I feel like this is one of the most common questions that come up in interviews, and so few people understand how it is implemented, even if they have heard of it. Big O is something that can really help you to be a better engineer, simply by understanding it, and coding with its lessons.
First of all, to move forward, it is important that you understand what Big O is. I will summarize below, but I want to link you to a GREAT video talking about Big O and some other common data structures.
Programming with Mosh | Data Structures and Algorithms for Beginners
I have found Mosh to be a great teacher, and he does a good job at covering the building blocks that are often overlooked.
This question comes up in interviews often when you have written something, and the interviewer is interested to know if you understand the implications of your code.
Let me first give you a brief explanation of Big O, in case you don’t have time to watch the video.
The overall goal in utilizing Big O in your code is to determine the WORST CASE SCENARIO of how much:
A: CPU TIME. – Referred to as Time
B: RAM – Referred to as Weight
your code will require.
If you have a function that does a single thing, and is static, even if you have parameters passed, it is a CONSTANT function and has a Big O of 1. Noted as O(1).
function runMe(nums: number[]) {
console.log(nums[0]);
}It does not matter if you have 1 or 1,000 commands in that function. If it will only ever be run once when runMe is called, it is a CONSTANT function with a Big O of 1.
If you take the same code, and add a loop (that iterated through the array passed), then it becomes a LINEAR function. A single loop means that the length of the array passed, which is dynamic, dictates the amount of resources allocated for the call of that function.

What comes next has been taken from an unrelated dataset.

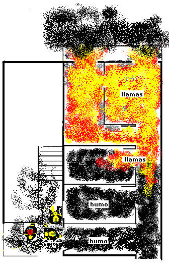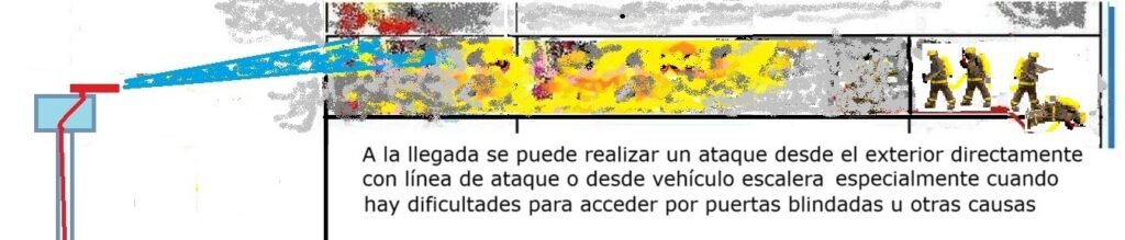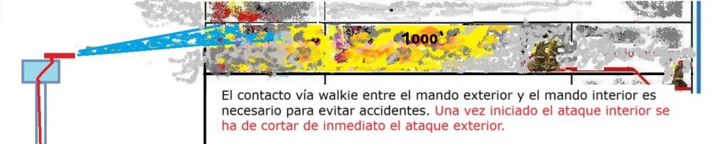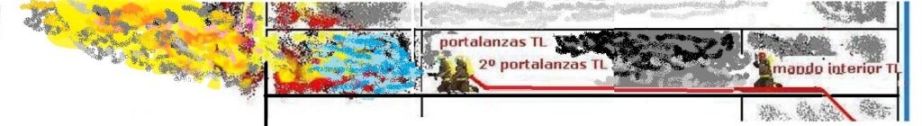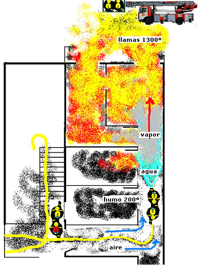 Entramos agachados, hay mucha temperatura, no se ve nada, al final del recibidor giramos a la izquierda, abrimos la lanza en posición pulverizada y podemos ver como el humo y la temperatura van hacia delante, entrando aire por detrás nuestro, mantenemos esta posición durante un minuto escaso y hacia el fondo ya apreciamos el resplandor de las llamas que se intensifican por el aire aportado.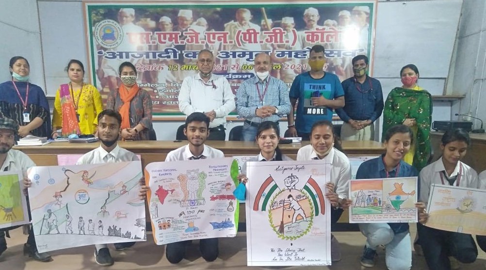 हरिद्वार। एस.एम.जे.एन पीजी काॅलेज में आज ‘आजादी का अमृत महोत्सव’ पखवाड़े के अन्तर्गत छात्र-छात्राओं द्वारा पोस्टर प्रतियोगिता का आयोजन किया गया। पोस्टर प्रतियोगिता कु. लवली पाण्डेय ने दांडी मार्च, खुशबू शर्मा ने चिपको आन्दोलन, कु. नेहा ने भारत का संविधान, गौरव बंसल ने आजादी का अमृत महोत्सव, गणेश गौड़ ने आजादी की यात्रा, गुंजन पाण्डेय व नवनीत कौर ने बिफोर व आफ्टर इंडीपेंण्डेंस तथा आमिर ने चूल्हे से चांद तक पहुंची महिला आदि शीर्षकों व विचारों को पोस्टर के रूप में प्रस्तुत किया।

function runMe(nums: number[]) {
for ( let i = 0; i < nums.length; i++ ) {
console.log(nums[i]);
}
}This means that your code will be running a Big O of “n”. Noted as O(n).
This keeps going, but I want to describe how this goes from here, Let’s take the same function again, and add a second loop. If we nest loops, our O(n) will become O(n^2) or Big O of n squared. This quickly starts to identify the power of understanding Big O.
function runMe(nums: number[]) {
for ( let i = 0; i < nums.length; i++ ) {
for ( let j = 0; j < nums.length; j++ ) {
console.log(`${nums[i]} ${nums[j]`);
}
}
}This function shows a QUADRATIC function.
So how do we speak about this? How does it help us?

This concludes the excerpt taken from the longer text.